Tensile characteristics of ultra-high performance fiber reinforced concrete with and without longitudinal steel rebars

Abstract

This study presents an experimental evaluation of ultra-high-performance fiber-reinforced concrete specimens with and without longitudinal reinforcement under direct tensile loading. The study variables are (i) volume fraction of fibers (1.0% and 2.0%), (ii) type of steel fibers (straight and hooked end), and (iii) longitudinal steel reinforcement ratio of 0.0% and 1.2%. All the specimens are tested using a servo-controlled fatigue testing machine in a displacement control mode. The changes in displacement were monitored using a linear variable displacement transducer and a digital image correlation technique. The strain profile at different loading stages is presented to identify the crack evolution process. Test results show that the average localized strain ranges from 0.2% to 0.36%, with corresponding crack widths of 0.3 mm to 0.6 mm. A uniaxial tensile stress-strain model is proposed based on the test results and literature database.
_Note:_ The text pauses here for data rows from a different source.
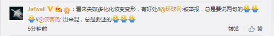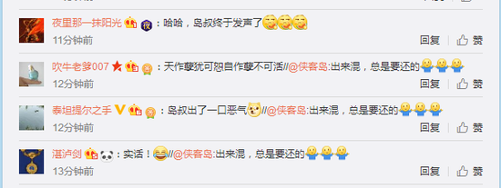 今早8:17多少,侠客岛官微转发了新京报报道此消息的微博,配发了“出来混,总是要还的”。
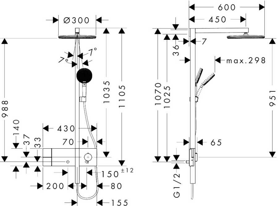 Teknik çizimdeki duş barı ölçüsünü inceledikten sonra sipariş ediniz
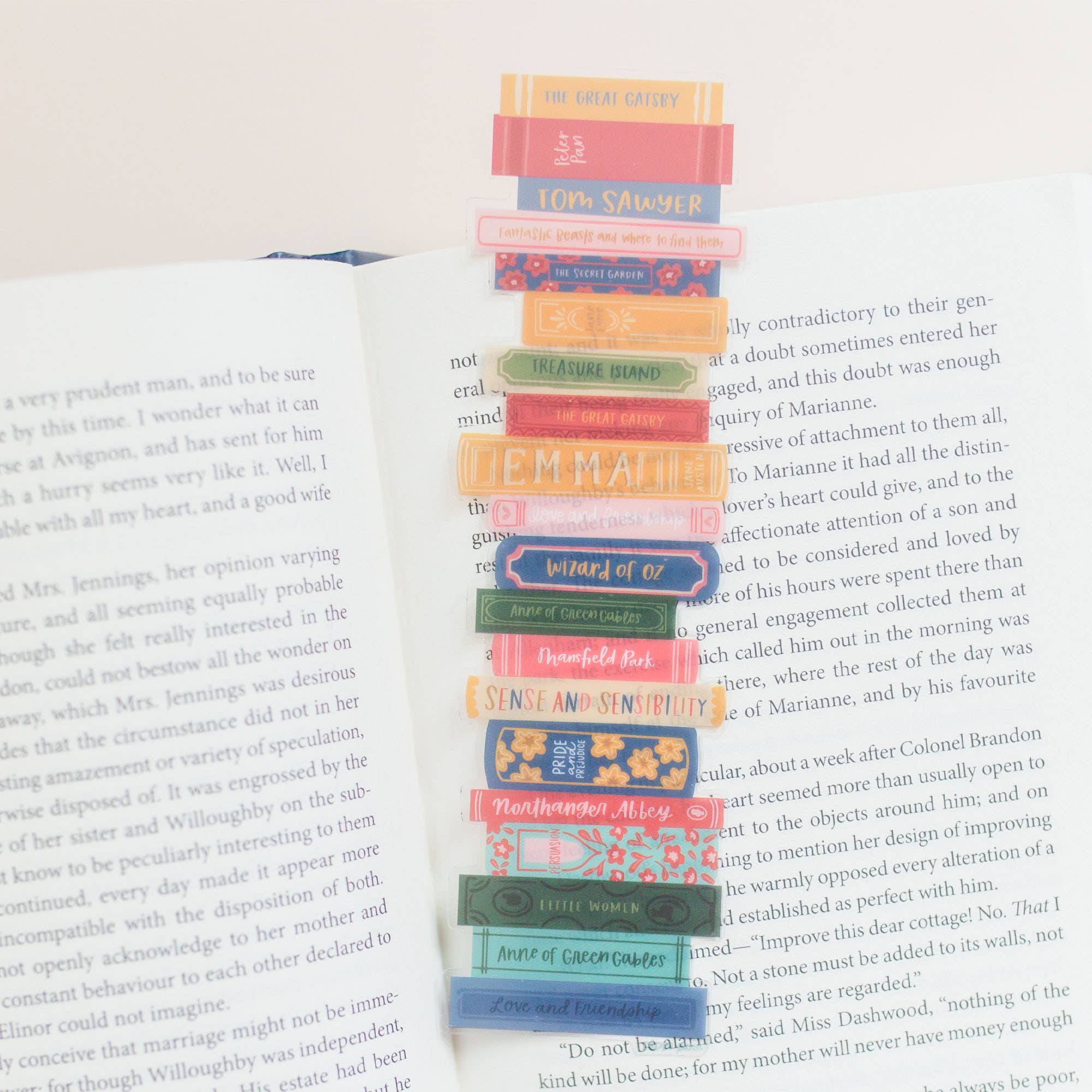 This design showcases titles such as The Great Gatsby, Peter Pan, Tom Sawyer, Fantastic Beasts and Where to FInd Them, The Secret Garden, Jane Eyre, Treasure Island, Emma, Love and Friendship, Wizard of Oz, Anne of Green Gables, Mansfield Park, Sense and Sensibility, Pride and Prejudice, Northanger Abbey, Persuasion, and Little Women!

The longitudinal steel reinforced specimens show both stiffening and strengthening effects. Tension-stiffened specimens with 1.0% fibers failed at a higher strain due to the formation of multiple macro cracks. In the specimens with 2.0% fibers, the rebar fractured in a brittle manner due to crack localization. A higher longitudinal reinforcement ratio is needed to effectively utilize UHPFRC under tension-dominant loads.